Hankin tragó saliva para eliminar la sequedad de su garganta.

– Bien -aceptó-. Pero ¿y si su cliente es un neurótico genuino? En tal caso…

– Desde luego, nos esforzamos por enterarnos de si una futura cliente se halla bajo psicoanálisis o cualquier otro tratamiento psiquiátrico. En caso afirmativo, solicitamos la aprobación del terapeuta antes de aceptarla… Sigo refiriéndome siempre a mujeres. Ya le he explicado el motivo. Bien, en general obtenemos tal aprobación con gran entusiasmo por parte del médico, debido a que ofrecemos una asistencia única. Naturalmente, si el terapeuta lo desea, disponemos que las instrucciones específicas de éste a la paciente sustituyan al programa estándar que seleccionaríamos para ella.

Welland se las arregló para dar la impresión de que todo quedaba aclarado. Cualquier persona que tuviera más dudas debía de poseer una inteligencia inferior.

– De todos modos… -insistió Hankin, pese a sentirse tremendamente avergonzado-. No comprendo por qué, habiendo llegado ya a tanto, se han tomado tantas molestias para encontrar una voz. -Miró con irritación al pelirrojo y añadió-: Sobre todo teniendo en cuenta que ya disponen de esa voz… Supongo que la grabación que fui lo bastante necio para efectuar durante la Gran Búsqueda bastaría aunque me hubiera quedado mudo en aquel momento.

– ¡Hum! -Welland unió las puntas de los dedos y se recostó en su silla-. Temo que nos llevará algunos minutos aclarar ese punto.
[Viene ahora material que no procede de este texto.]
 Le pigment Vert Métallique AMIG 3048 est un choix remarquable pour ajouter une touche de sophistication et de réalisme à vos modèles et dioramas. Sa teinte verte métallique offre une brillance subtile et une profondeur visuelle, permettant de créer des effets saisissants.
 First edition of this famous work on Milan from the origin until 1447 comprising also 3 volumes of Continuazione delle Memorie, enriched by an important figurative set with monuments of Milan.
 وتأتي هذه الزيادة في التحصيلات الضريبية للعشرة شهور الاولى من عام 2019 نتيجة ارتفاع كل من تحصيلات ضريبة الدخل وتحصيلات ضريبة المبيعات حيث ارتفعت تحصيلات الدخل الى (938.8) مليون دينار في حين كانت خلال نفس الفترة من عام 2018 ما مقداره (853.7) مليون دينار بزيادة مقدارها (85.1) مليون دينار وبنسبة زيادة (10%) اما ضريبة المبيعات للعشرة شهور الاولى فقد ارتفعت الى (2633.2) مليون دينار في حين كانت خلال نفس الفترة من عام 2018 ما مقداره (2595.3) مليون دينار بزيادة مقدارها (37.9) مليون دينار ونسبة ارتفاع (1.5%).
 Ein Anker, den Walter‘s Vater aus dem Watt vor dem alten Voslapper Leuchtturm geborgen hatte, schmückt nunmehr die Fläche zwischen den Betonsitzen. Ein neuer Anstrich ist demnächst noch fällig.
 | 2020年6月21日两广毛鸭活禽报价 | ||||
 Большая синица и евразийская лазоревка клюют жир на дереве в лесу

Lo que sucedió fue lo siguiente: muy al principio de la historia del servicio público prestado por Sueño Profundo, descubrimos que ciertos programas, en apariencia excelentes, obtenían resultados nulos. Atribuimos tal fallo a la presentación del material, no a su esencia. Nos servíamos de cualquier persona para efectuar las grabaciones, aunque sobre todo de actores y actrices sin empleo y con experiencia en declamación. Algunas de las voces seleccionadas llegaron a provocar reacciones de hostilidad subliminal en las clientes, con la consiguiente resistencia a la palabra hablada. Por tal razón, formamos un equipo bajo la dirección de Ted, Ted Mannion, aquí presente, para que se encargase de desarrollar una voz óptima. Y lo consiguieron. ¡Maravillosa! De hecho, nuestro programa estándar más reciente ya la utiliza.

– ¿U… una voz artificial? -logró preguntar Hankin.

– Claro, ¿por qué no? Disponíamos ya de toscos voders hace casi medio siglo. Simplemente, nosotros teníamos más incentivos que otros investigadores para perfeccionar el dispositivo. ¡Ah! Y cuando digo «una» voz óptima, incluyo también la destinada a los hombres. Una voz de mujer, claro está, aunque en este caso todavía lo estamos discutiendo, como ya habrá oído. Supongo, señor Hankin, que ahora querrá saber dónde encaja usted. Bien, la respuesta es muy simple. Necesitábamos contar con una base mucho más amplia de clientela (un término elegante que significa mucho más dinero) para compensar el paso de nuestros programas estándar al método de la voz artificial. Un método muy caro… Y así, se me ocurrió la idea de una búsqueda a nivel nacional del hombre y la mujer con la voz óptima. Usted resultó el elegido. Cuando analizamos su breve grabación, y pese a su evidente nerviosismo, encontramos un tipo increíblemente próximo al ideal. De hecho, de haber sido usted un actor experimentado, o alguien acostumbrado a hablar en público, incluso hubiéramos pensado en usar su voz en la realidad, lo mismo que de manera oficial.